Mereka membuat keributan setelah berpura-pura saling kenal sebelum mereka bisa diperkenalkan, dan bahkan menyebutkan berita terkini tentang keluarga.

“Apa...? Tentu saja, kupikir aku harus menghafal semuanya.”

Sekarang aku pikir-pikir, tidak banyak gadis muda yang mengoleksi semua potret diri mereka dan menghafalnya dengan membandingkan nama dan keluarga mereka.

Aku diam-diam menelan air mataku ketika menyadari betapa rusaknya pendidikan Korea yang selama ini menganggap bahwa tujuan dari belajar adalah menghafal.

“Untungnya, itu tidak sia-sia.”

Dengan semua informasi terkini tentang para bangsawan dan setiap keluarga di kepalaku, aku dapat menavigasi percakapan dengan lancar dan menghindari interupsi yang canggung.

Namun itu hanya sementara.

Aku mendengar percakapan yang tampaknya menyerang aku dari suatu tempat.

“Sepertinya dia sudah mempersiapkan banyak hal sebelum debutannya, tapi dia harus konsisten kapan pun dan di mana pun untuk menjadi seorang wanita yang rendah hati.”

Duke Serig, salah satu anggota Senat, menyela aku dengan nada sarkastis.
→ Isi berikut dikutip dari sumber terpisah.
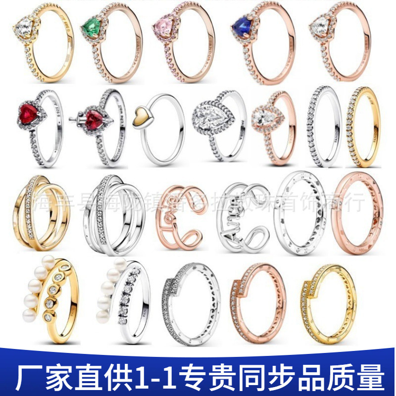 Panjia Dora Ring 925 Sterling Silver Noble Heart Red Love Ring Pearl Gold Multi-Ring Ring

Ia dengan lembut mengingat kejadian ketika aku menyerbu ke pesta seorang bangsawan biasa dan menampar pipi Baron Marco.

Setelah insiden publik dengan putrinya Emmanuel, mustahil bagi Serig untuk memiliki perasaan baik terhadap aku.

Bahkan jika aku tidak melakukan itu, Duke Serig mungkin akan menuduhnya melakukan perilaku seperti Deborah dulu.

“Begitu ya, Duke Serig.”

Aku menatapnya dengan mata dingin, mengangkat kipasku yang berwarna merah darah, dan memainkannya.
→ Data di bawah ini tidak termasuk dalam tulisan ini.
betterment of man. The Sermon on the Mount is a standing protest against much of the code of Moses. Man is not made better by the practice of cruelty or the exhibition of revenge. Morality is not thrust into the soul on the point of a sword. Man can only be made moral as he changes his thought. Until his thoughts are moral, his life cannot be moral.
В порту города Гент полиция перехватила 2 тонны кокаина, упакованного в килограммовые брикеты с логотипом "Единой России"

Ketika aku mengingatkannya tentang insiden kipas dengan baron, dia sedikit mengernyitkan bibirnya.

“Aku juga setuju dengan kata-kata Duke Serig.”

“Benarkah begitu?”

“Itulah sebabnya aku tidak tahan dengan standar ganda Baron Marco, yang berpura-pura menjadi birokrat jujur ​​di depan dan menipu di belakang.”

“Dan itukah sebabnya kau memukul seseorang dengan kipas? Bukankah itu terlalu sombong?”

“Apakah kamu membela seseorang yang melakukan perzinahan?”

Ketika aku berbicara dengan suara keras, seolah-olah ingin didengar oleh para wanita di sekitarku, ekspresi Duke Serig sedikit berkerut.

“P-Putri! Kebiasaan bicara apa itu?”

“Aku tidak tahu kalau aku akan menutupinya dari pria seperti itu, jadi tanpa sadar suaraku membesar.”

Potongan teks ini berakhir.